▸ **Instructions for the task**
Look through the data below and extract, unchanged, the lines from the one that contains "Fukada Mari of" to the one that contains "I do have a", both included.

▸ **Supplied data**
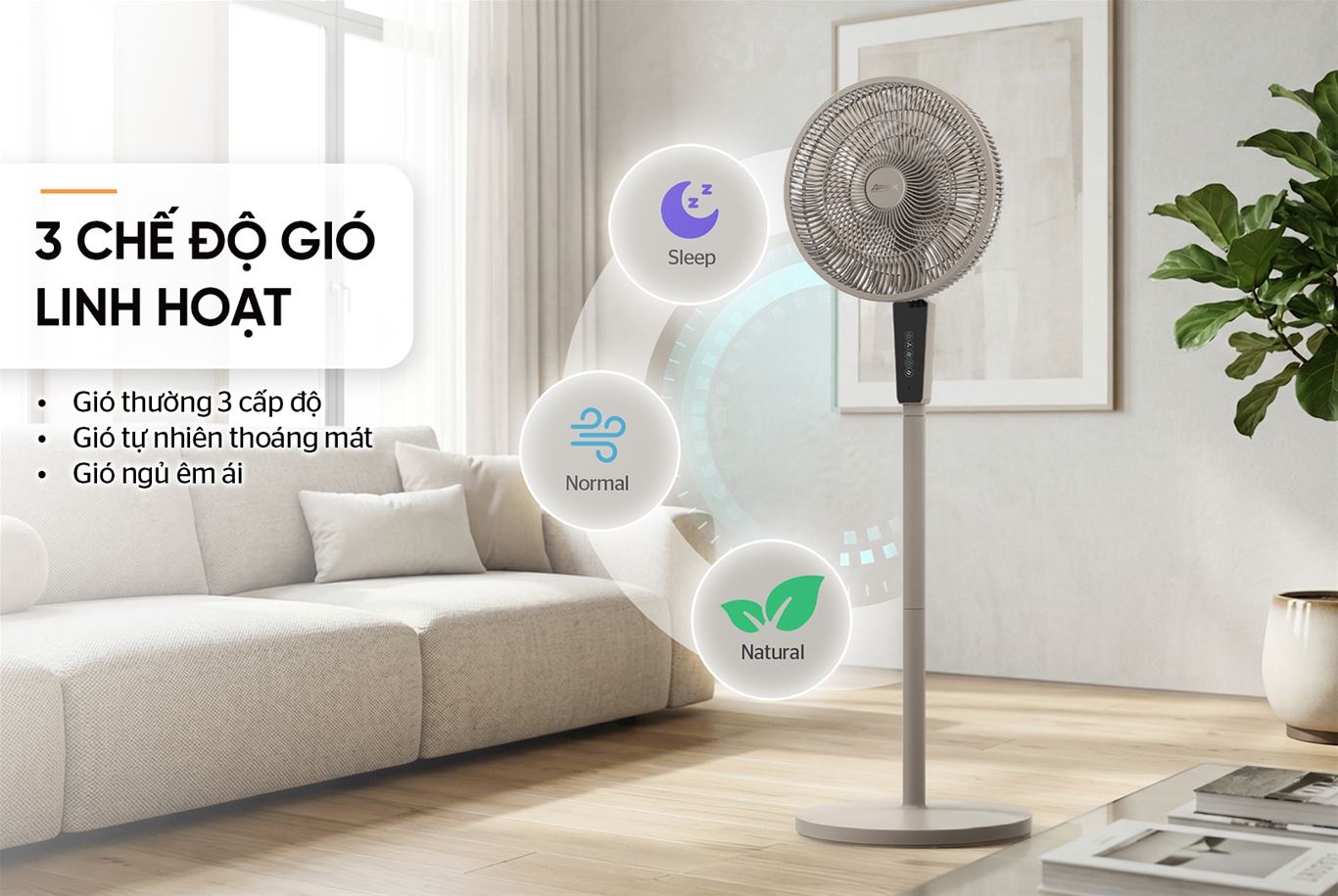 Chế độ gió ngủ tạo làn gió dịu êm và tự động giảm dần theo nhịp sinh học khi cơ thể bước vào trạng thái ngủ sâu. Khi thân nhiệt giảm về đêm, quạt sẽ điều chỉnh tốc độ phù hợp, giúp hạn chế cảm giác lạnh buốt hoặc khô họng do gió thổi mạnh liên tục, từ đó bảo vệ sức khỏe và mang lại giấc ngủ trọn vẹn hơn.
==
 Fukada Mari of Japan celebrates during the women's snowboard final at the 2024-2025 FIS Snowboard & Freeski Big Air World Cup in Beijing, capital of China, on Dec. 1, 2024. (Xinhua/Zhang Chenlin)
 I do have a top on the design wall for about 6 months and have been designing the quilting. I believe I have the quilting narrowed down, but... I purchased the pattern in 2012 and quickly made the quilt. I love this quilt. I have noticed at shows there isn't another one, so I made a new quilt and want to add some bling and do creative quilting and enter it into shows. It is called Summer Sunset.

▸ **Result for this exercise**
 Fukada Mari of Japan celebrates during the women's snowboard final at the 2024-2025 FIS Snowboard & Freeski Big Air World Cup in Beijing, capital of China, on Dec. 1, 2024. (Xinhua/Zhang Chenlin)
 I do have a top on the design wall for about 6 months and have been designing the quilting. I believe I have the quilting narrowed down, but... I purchased the pattern in 2012 and quickly made the quilt. I love this quilt. I have noticed at shows there isn't another one, so I made a new quilt and want to add some bling and do creative quilting and enter it into shows. It is called Summer Sunset.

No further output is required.